Verse 14. - And they had forgotten (ἐπελάθοντο) - literally, they forgot - to take bread (ἄρτους); loaves. The conversation which follows took place on the boat while they were crossing. The passage would take perhaps six hours. And it was during that time that they would want food; for when they reached the port, they would find it in abundance.
And he charged them, saying, Take heed, beware of the leaven of the Pharisees, and of the leaven of Herod.
Verse 15. - Beware of the leaven of the Pharisees and the leaven of Herod. St. Matthew (Matthew 15:6) says, "Beware of the leaven of the Pharisees and Sadducees;" thus St. Mark identifies the leaven of the Sadducees with that of Herod. "Leaven" here means "doctrine." They were not to beware of this, so far as the Pharisees rightly taught and explained the Law of Moses; but only so far as they corrupted that Law by their own vain traditions, contrary to the Law of God, St. Luke (Luke 12:11) calls this leaven "hypocrisy;" because the Pharisees only regarded outward ceremonies, and neglected the inward sanctification of the Spirit. St. Jerome says, "This is the leaven of which the Apostle speaks where he says, 'A little leaven leaveneth the whole lump.' Marcion and Valentinus and all heretics have had this kind of leaven, which is on every account to be avoided. Leaven has this property, that, however small it may be in quantity, it spreads its influence rapidly through the mass. And so if only a little spark of heretical doctrine be admitted into the soul, speedily a great flame arises, and envelopes the whole man."

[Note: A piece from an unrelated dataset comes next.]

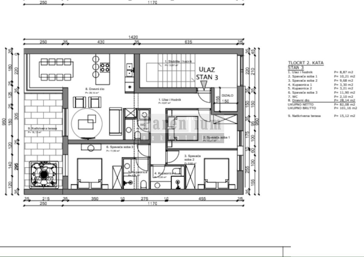 Istria, Poreč center Poreč, exclusive three-bedroom apartment on the top floor with a panoramic sea view! In Poreč, near the sea, there is a three-bedroom apartment on the second floor of a building with an elevator. The open sea view makes it a unique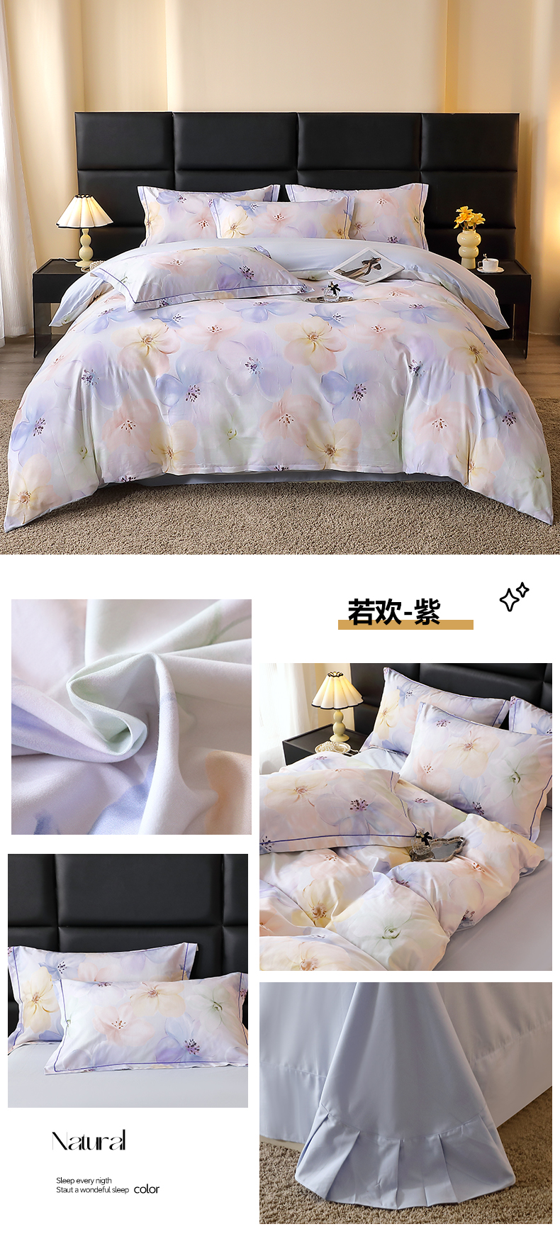 商品名称:馨雅家纺 2025新款全棉磨毛数码印花四件套 若欢-紫

And they reasoned among themselves, saying, It is because we have no bread.
Verse 16. - According to the most approved readings, this verse should be read thus: And they reasoned one with another, saying, We have no bread. There is something very artless and simple in this narrative. Our Lord speaks of" leaven;" and the mention of this word reminds the disciples that they had forgotten to bring bread with them in the boat; and fearing lest Christ should direct them, according to his wont, to land on some desert shore, they were in some anxiety how they might obtain what they would need; and so they disputed among themselves; one, it may be, throwing the blame upon another.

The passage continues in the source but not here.